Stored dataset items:

★ ★ ★ ★ ★

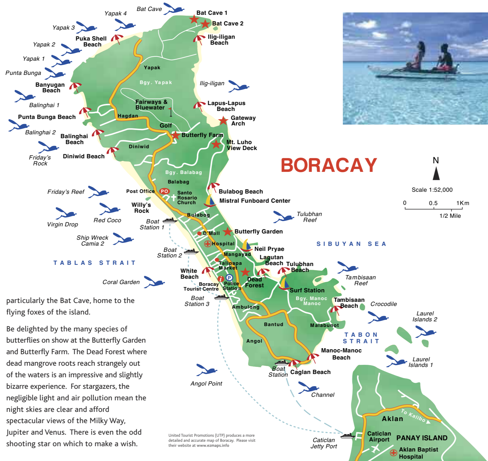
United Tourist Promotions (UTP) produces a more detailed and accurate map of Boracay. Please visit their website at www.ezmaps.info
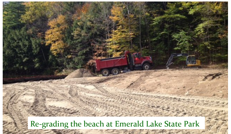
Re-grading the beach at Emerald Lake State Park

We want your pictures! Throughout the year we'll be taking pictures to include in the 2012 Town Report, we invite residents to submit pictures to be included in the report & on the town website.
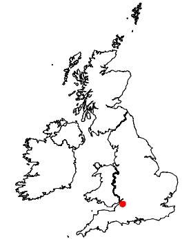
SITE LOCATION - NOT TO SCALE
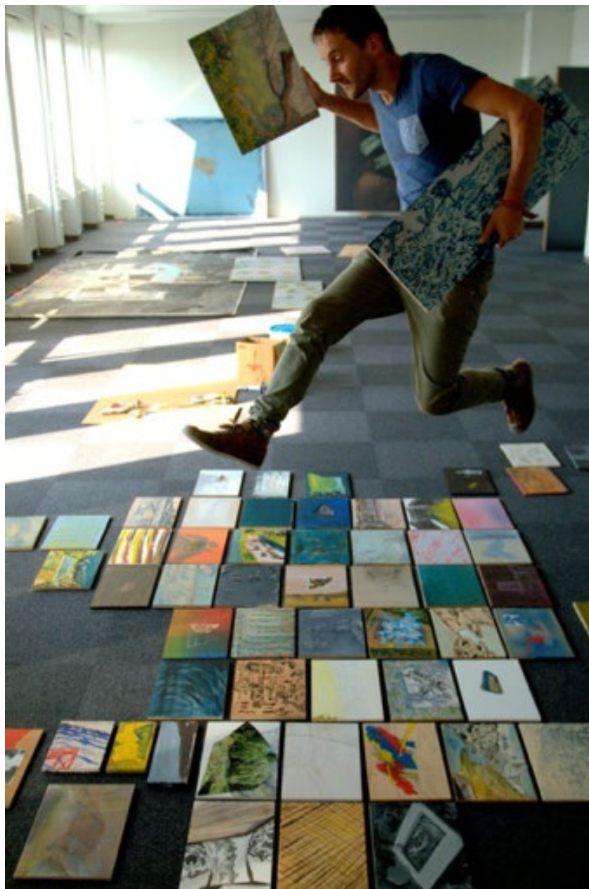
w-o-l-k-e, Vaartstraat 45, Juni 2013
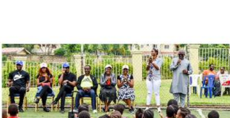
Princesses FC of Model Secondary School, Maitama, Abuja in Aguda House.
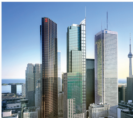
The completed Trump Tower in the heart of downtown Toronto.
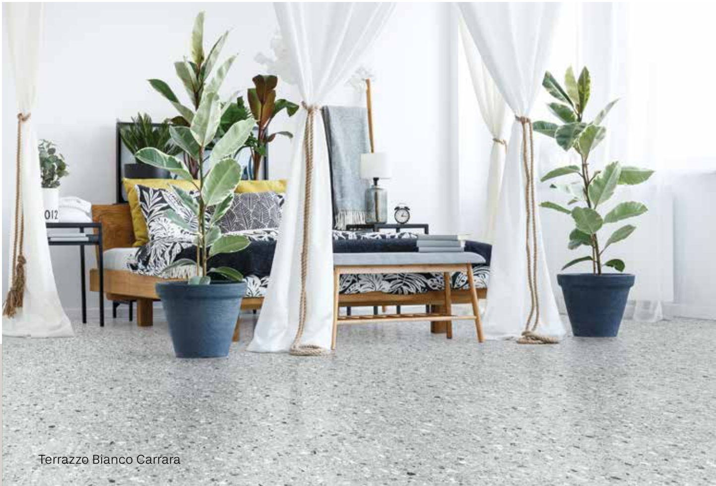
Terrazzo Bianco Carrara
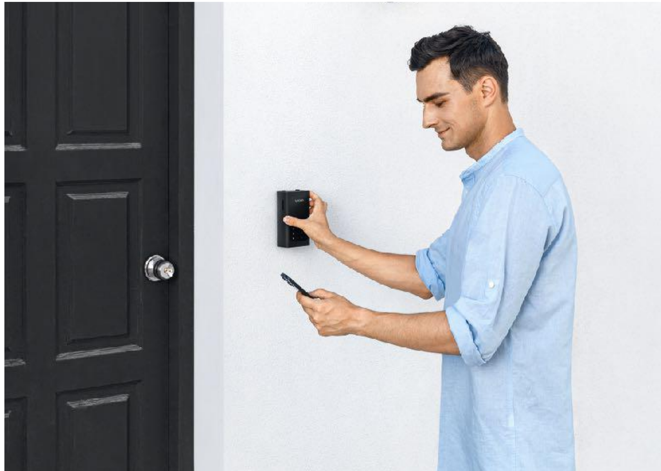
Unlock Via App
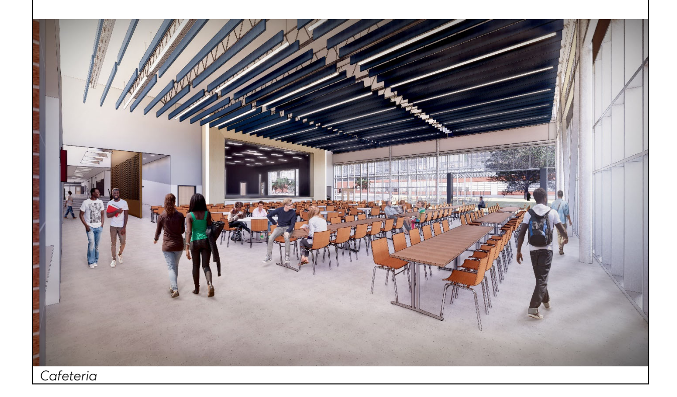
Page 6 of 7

★ ★ ★ ★ ★

Exercise objective:
The response must restate exactly the lines from the one containing "w-o-l-k-e, Vaartstraat 45, Juni 2013" through the end of the records above and must leave out all pictures.

Answer below:
w-o-l-k-e, Vaartstraat 45, Juni 2013
Princesses FC of Model Secondary School, Maitama, Abuja in Aguda House.
The completed Trump Tower in the heart of downtown Toronto.
Terrazzo Bianco Carrara
Unlock Via App
Page 6 of 7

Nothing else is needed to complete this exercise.